## Work task
Set every record down again exactly. Do not carry over the pictures.

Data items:
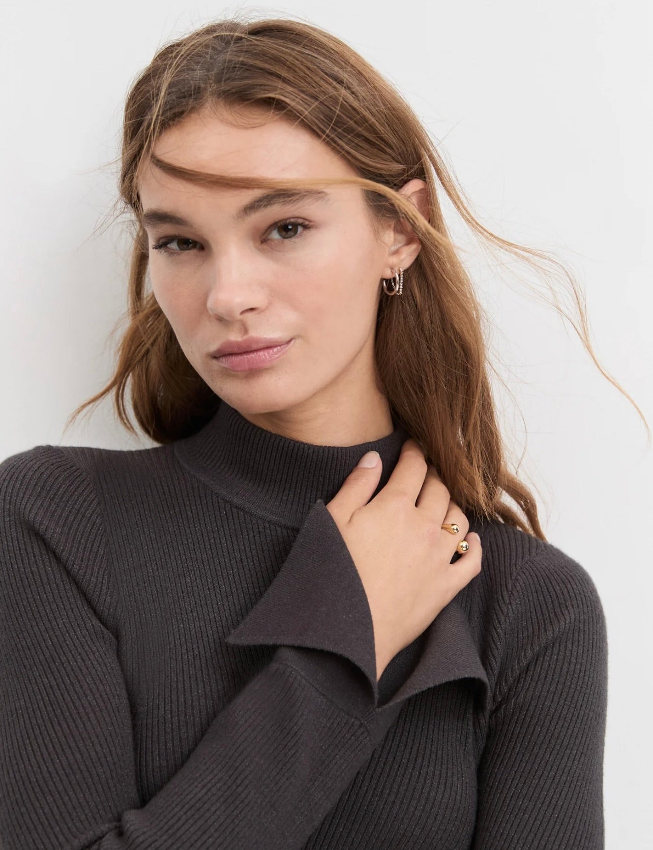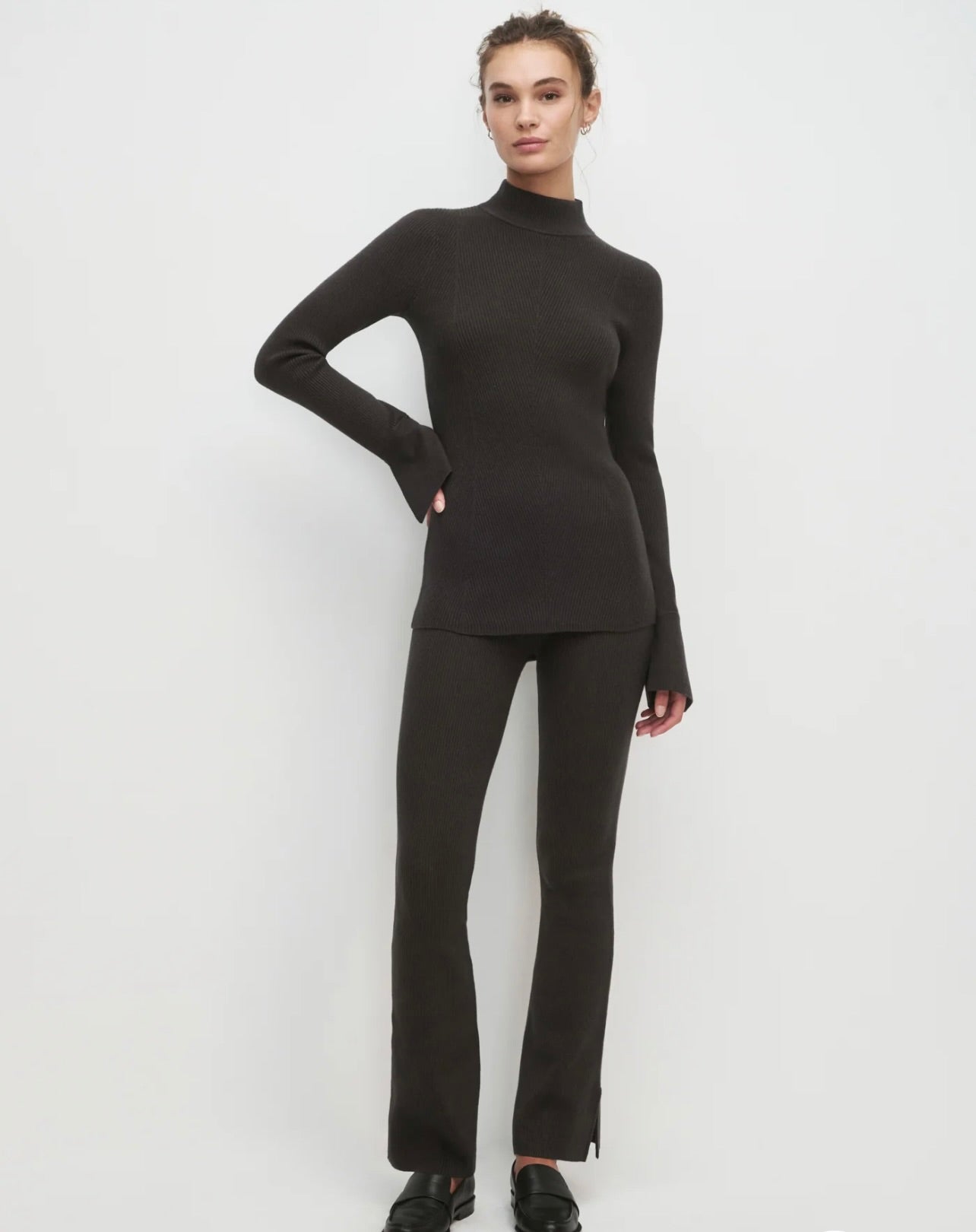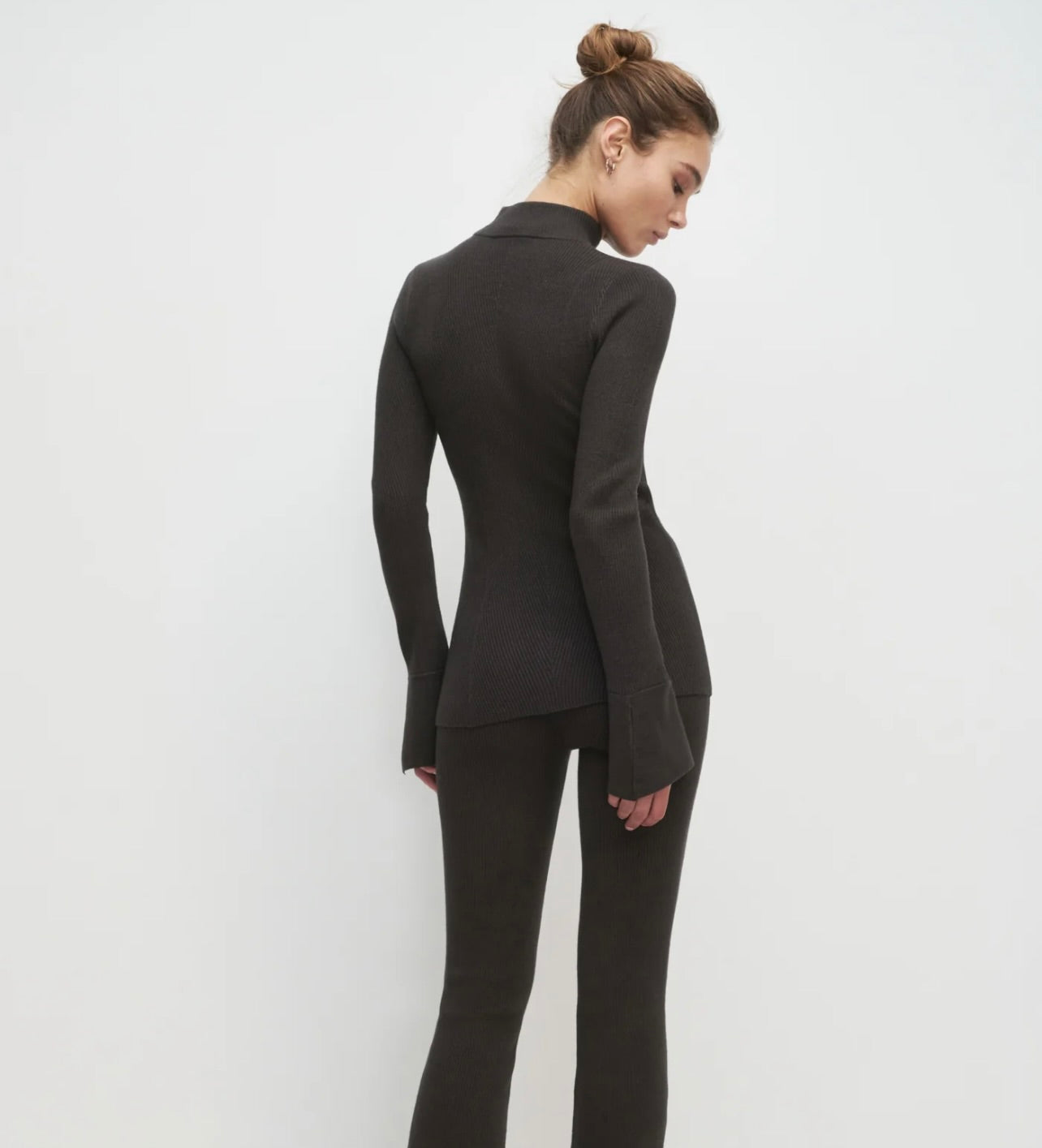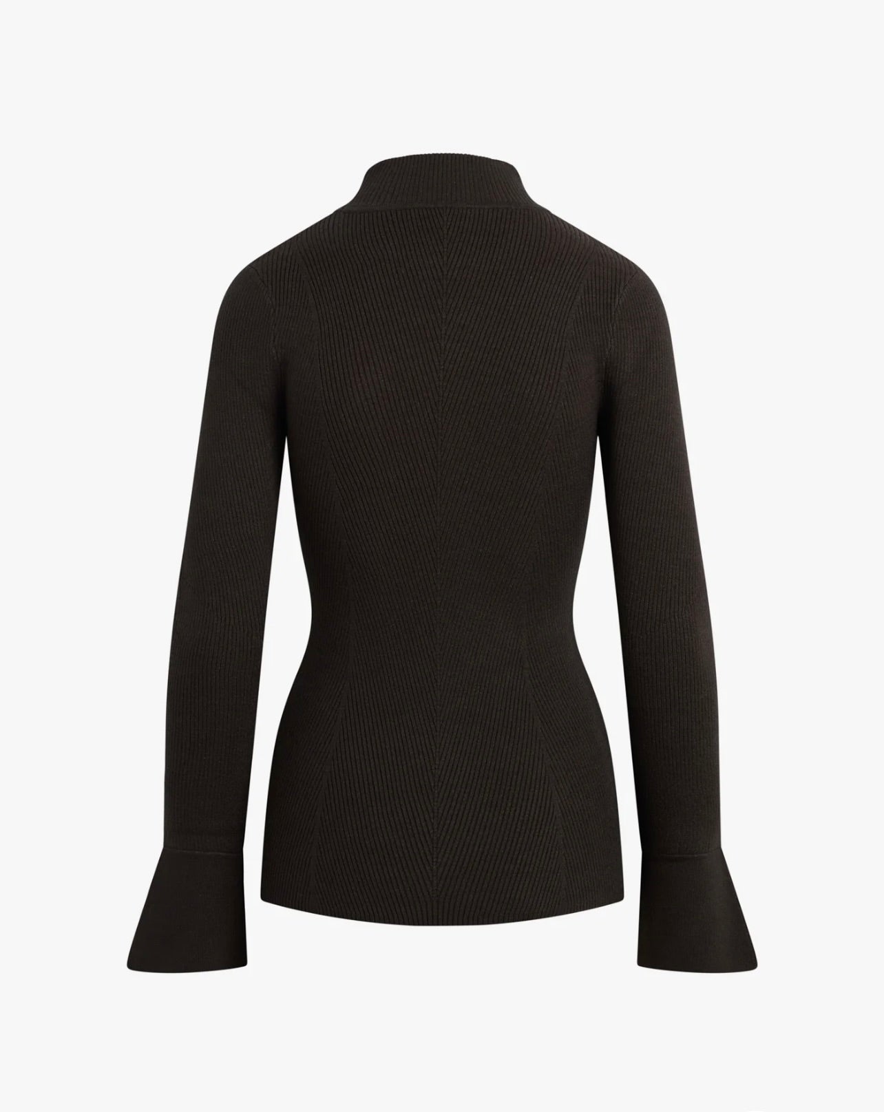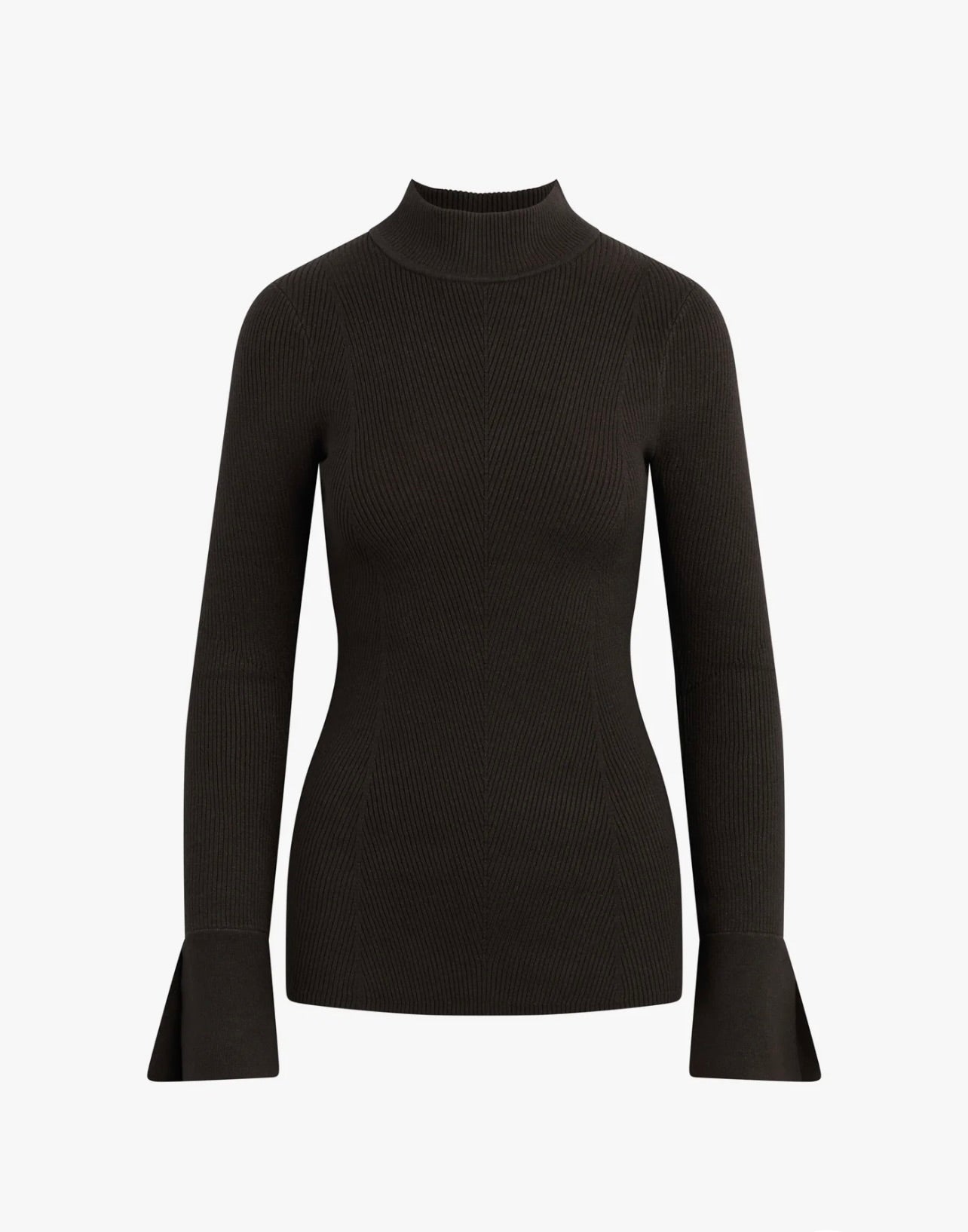 Bring runway sophistication into your daily rotation with The Runway Top. This refined piece features a sumptuous viscose-blend fabric with textured rib-knit construction, paired with a striking high neckline and tailored slim fit. Signature bell cuffs add an unexpected flourish that elevates any ensemble. Timeless in design yet distinctly contemporary, it's the polished essential every discerning wardrobe deserves.
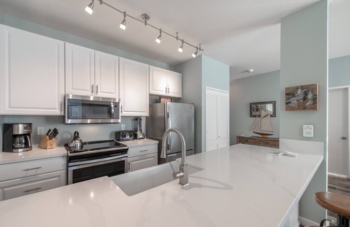 This condo was remodeled, with all new Kitchen, baths & more! The dining room; fully equipped kitchen and living room flow openly for enjoying family time. Flat screen TVs with Cable & DVD players in the living room (50” TV) and master bedroom. The master has a king bed, two guest bedrooms - one with a queen bed perfect for a couple and the other with 2 bunk beds ideal for 2-4 children. This home is on the first level making it easily accessible to the beach where you can watch the sunrise or sunset. Bask in the sun and watch the seabirds in a relaxing setting.
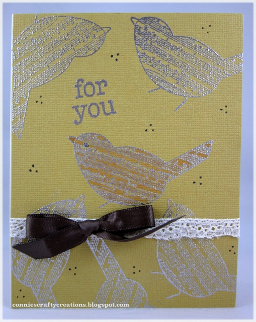 Darcie's - Garden Bird, embossed w/silver embossing powder, center one colored with marker
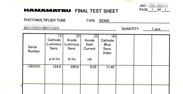 需要特别说明的是,光电倍增管的批间差是在我们严格的出厂标准范围内的,我们会对每一只光电倍增管进行出厂检测,确保其灵敏度、暗电流等核心参数均满足出厂要求,能够正常工作,同时我们也会将出厂的检测报告单随货发给客户,客户可以随时检查相关的出厂数据。
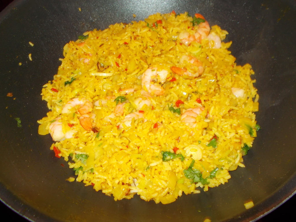 Lekker snel gerecht, vooral als je - zoals ik - nog een restje rijst over hebt. De rijst heb ik gebakken met rode peper, ui, knoflook en flink wat kerrie. De mango-chutney en de garnalen maken het geheel af.
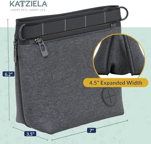 THE PERFECT COMPANION FOR EVERY DOG WALK Every outing with your dog should be enjoyable and hassle-free. Whether you’re taking a leisurely walk in the park, exploring rugged trails, or going for a jog – having everything you need close at hand makes all the difference. Introducing the Expandable Dog Treat Bag from Katziela. Designed to be spacious, versatile, and easy to carry, our innovative pouch expands to hold more treats plus all your essentials, so you’re always prepared for any adventure. Enjoy unique features you won’t find anywhere else: the top zipper provides the ultimate protection, while the expandable bottom zipper provides additional storage for up to 3 cups of treats (or 2 before expanding). A waterproof and removable washable Velcro liner keeps the bag clean and odor-free. UNIQUE FEATURES & BENEFITS: – Expandable bottom zipper for extra treat storage space – closing zipper for ultimate protection – Velcro lining: waterproof, removable, washable in sink ADDITIONAL FEATURES: 2 Side Pockets High Quality Expandable Shoulder Strap Adjustable Waistband Strap Clip for Belt 2 Loops for Leash Clip Poop Bag Dispenser DIMENSIONS: Length: 7 inches Width: 3.5 inches Expanded Width: 4.5 inches Height: 6.2 inches HOLDS EVERYTHING YOU NEED Say goodbye to juggling treats, poop bags, and keys in your hands. With our multi-pocket treat bag, all your things can be neatly stored and easily accessible. YOU CHOOSE: ZIPPER CLOSURE You’ll love the durable construction, the lightweight fabric that doesn’t weigh you down, and the clever design that includes a poop bag dispenser with hole for easy removal. The 4-magnet closure provides easy access to treats, with an optional top zipper to keep the pouch closed as needed.

## Response to the task
 Bring runway sophistication into your daily rotation with The Runway Top. This refined piece features a sumptuous viscose-blend fabric with textured rib-knit construction, paired with a striking high neckline and tailored slim fit. Signature bell cuffs add an unexpected flourish that elevates any ensemble. Timeless in design yet distinctly contemporary, it's the polished essential every discerning wardrobe deserves.
 This condo was remodeled, with all new Kitchen, baths & more! The dining room; fully equipped kitchen and living room flow openly for enjoying family time. Flat screen TVs with Cable & DVD players in the living room (50” TV) and master bedroom. The master has a king bed, two guest bedrooms - one with a queen bed perfect for a couple and the other with 2 bunk beds ideal for 2-4 children. This home is on the first level making it easily accessible to the beach where you can watch the sunrise or sunset. Bask in the sun and watch the seabirds in a relaxing setting.
 Darcie's - Garden Bird, embossed w/silver embossing powder, center one colored with marker
 需要特别说明的是,光电倍增管的批间差是在我们严格的出厂标准范围内的,我们会对每一只光电倍增管进行出厂检测,确保其灵敏度、暗电流等核心参数均满足出厂要求,能够正常工作,同时我们也会将出厂的检测报告单随货发给客户,客户可以随时检查相关的出厂数据。
 Lekker snel gerecht, vooral als je - zoals ik - nog een restje rijst over hebt. De rijst heb ik gebakken met rode peper, ui, knoflook en flink wat kerrie. De mango-chutney en de garnalen maken het geheel af.
 THE PERFECT COMPANION FOR EVERY DOG WALK Every outing with your dog should be enjoyable and hassle-free. Whether you’re taking a leisurely walk in the park, exploring rugged trails, or going for a jog – having everything you need close at hand makes all the difference. Introducing the Expandable Dog Treat Bag from Katziela. Designed to be spacious, versatile, and easy to carry, our innovative pouch expands to hold more treats plus all your essentials, so you’re always prepared for any adventure. Enjoy unique features you won’t find anywhere else: the top zipper provides the ultimate protection, while the expandable bottom zipper provides additional storage for up to 3 cups of treats (or 2 before expanding). A waterproof and removable washable Velcro liner keeps the bag clean and odor-free. UNIQUE FEATURES & BENEFITS: – Expandable bottom zipper for extra treat storage space – closing zipper for ultimate protection – Velcro lining: waterproof, removable, washable in sink ADDITIONAL FEATURES: 2 Side Pockets High Quality Expandable Shoulder Strap Adjustable Waistband Strap Clip for Belt 2 Loops for Leash Clip Poop Bag Dispenser DIMENSIONS: Length: 7 inches Width: 3.5 inches Expanded Width: 4.5 inches Height: 6.2 inches HOLDS EVERYTHING YOU NEED Say goodbye to juggling treats, poop bags, and keys in your hands. With our multi-pocket treat bag, all your things can be neatly stored and easily accessible. YOU CHOOSE: ZIPPER CLOSURE You’ll love the durable construction, the lightweight fabric that doesn’t weigh you down, and the clever design that includes a poop bag dispenser with hole for easy removal. The 4-magnet closure provides easy access to treats, with an optional top zipper to keep the pouch closed as needed.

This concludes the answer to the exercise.